Compression neuropathy is the most common cause of an isolated peripheral hanging brush. The most famous is the "paralysis of the Saturday night" due to the squeezing of the raised hand with the back of the park bench, when the person is in a state of such strong intoxication that the warning tingling sensations that necessarily precede any compression paralysis are not felt. The romantic name "paralysis of the groom" or in French "paralysie des amants", arises from the pressure exerted by the head of the sleeping partner on the withdrawn upper limb. The compression of the radial nerve at the very distal level (distal forearm, wrist and hand) is easily recognized by concomitant pain and paresthesia ("parental convulsion", Wartenberg's disease).

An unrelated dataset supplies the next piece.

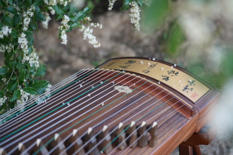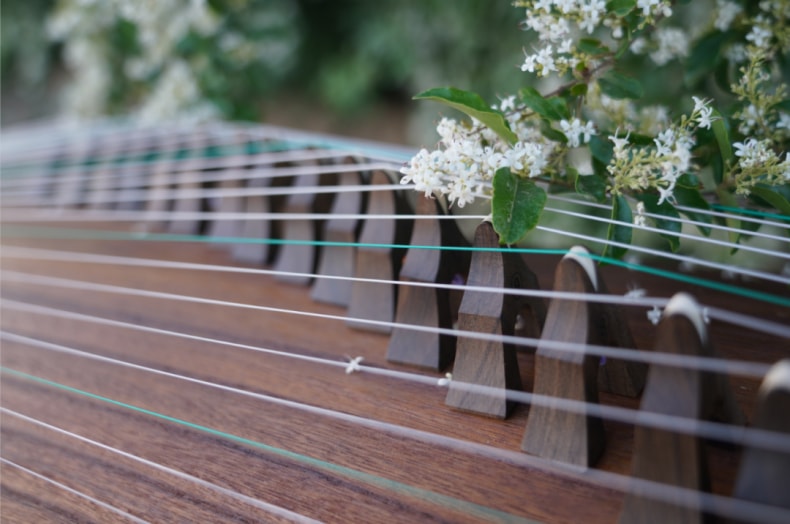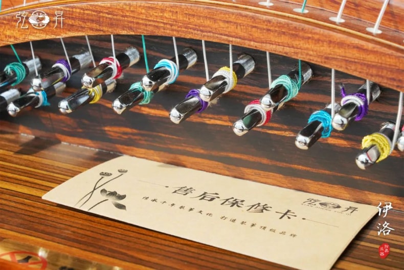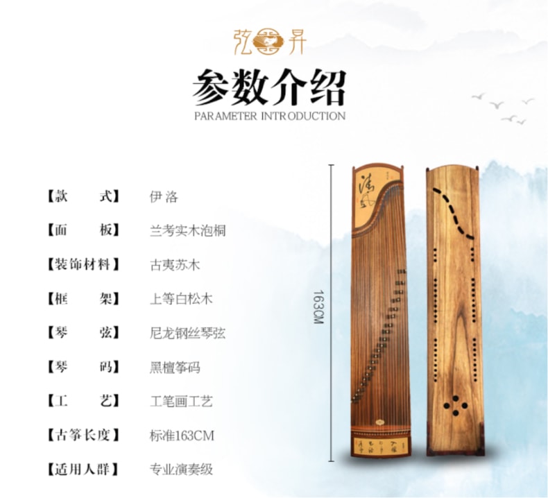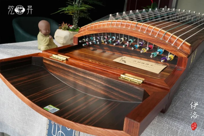 弦昇古筝-伊洛是古夷苏木系列古筝;品名:伊洛;材质:古夷苏木;工艺:中国工笔画;琴弦:德国进口尼龙钢丝弦;筝码:黑檀三角码;级别:S-163演奏级古筝

Hanging brush of central origin

The central hanging brush is almost exclusively a vascular etiology, due to the occlusion of a small vessel most likely in the peripheral or subcortical distribution of the branches of the middle cerebral artery. Detected lesions are called lacunae and the type of stroke - lacunar stroke. This is a consequence of hypertensive arteriopathy, and neuroimaging often reveals an arteriopathic pattern in the form of detection of other lacunae that are asymptomatic at the moment, or diffuse areas of reduced density in the white matter of the brain hemispheres and / or surroundings of the anterior and posterior horn of the lateral ventricles. This picture is typical for subcortical arteriosclerotic encephalopathy Binswanger. MRI in such cases is the main diagnostic tool.

The Wartenberg test, described above, helps diagnose a hanging brush of central origin. In addition, sometimes the tendency to weakness of the whole brush is revealed, and not only the muscles innervated by one nerve.